The Crystal Cave Book Five, Chapter 10 Summary

  • Merlin crawls down the path away from Tintagel and finds a very dead-looking Cadal under the overhang where he'd been waiting for Uther and company.
  • Uther comes strolling down the path as though nothing had happened, but he's really miffed at Merlin because of the whole Gorlois thing. And because of the body count, which is pretty high.
  • Uther argues that he could just have waited for tomorrow, when Gorlois would have been dead and he could have legit had Ygraine.
  • Merlin tells him to chill. Uther had to hook up with Ygraine at that moment, or the next great High King of Britain wouldn't have been made.
  • Uther doesn't get it.
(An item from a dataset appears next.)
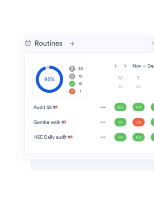 Digitalisieren Sie Ihre Audits, Betriebsrundgänge und Gemba-Walks, um die Einhaltung Ihrer Standards zu gewährleisten und eine schnellere Eskalation von Problemen zu ermöglichen. Ihre Teams sparen täglich Zeit und können sich auf umfangreichere und zuverlässigere Daten stützen, um Probleme nachhaltig zu lösen.

He accuses Merlin of manipulating him under the cover of "magic," promising to give Uther whatever he wanted by supernatural means, but actually arranging everything in a shady way.
  • Merlin assures Uther that all the stuff that they didn't know about the night—Gorlois' death, the baby's legitimacy, the succession of the crown—was all hidden by God.
  • Uther doesn't buy it, mostly because he doesn't know what God Merlin's talking about. But to Merlin, it doesn't matter. It's all about "light," or the good. Whatever god gets to that is fine.
  • Uther tells Merlin that he'll no longer play his games. He's clearly upset that things didn't go his way.
  • Uther leaves, and Merlin gets a big surprise: Cadal isn't dead. At least, not yet. He tells Merlin what he really thinks of Uther—and it's not flattering.
  • Merlin and Cadal chat a bit about the events of the evening. Cadal asks Merlin if fate could have played out without all this bother. Merlin tells him it all had to happen.
  • Merlin tells Cadal that everything they'd been hoping for—and this includes Ambrosius' hopes—would now happen. Even though Cadal is dying, he seems okay with it.
  • Merlin knows the future: when the baby is born, Ygraine will send him to Merlin. He'll teach the lad everything he knows, and the child will be the best of all of them.
  • Cadal clings to Merlin's words. He has to believe that his life and death mean something for the life of Britain. And then he dies in Merlin's arms.
  • Merlin "gives Cadal to the sea"—a nice way of saying that he rolls Cadal's body over the cliff into the sea below.
  • And still, that mystical star hangs in the sky as the sun rises over the horizon.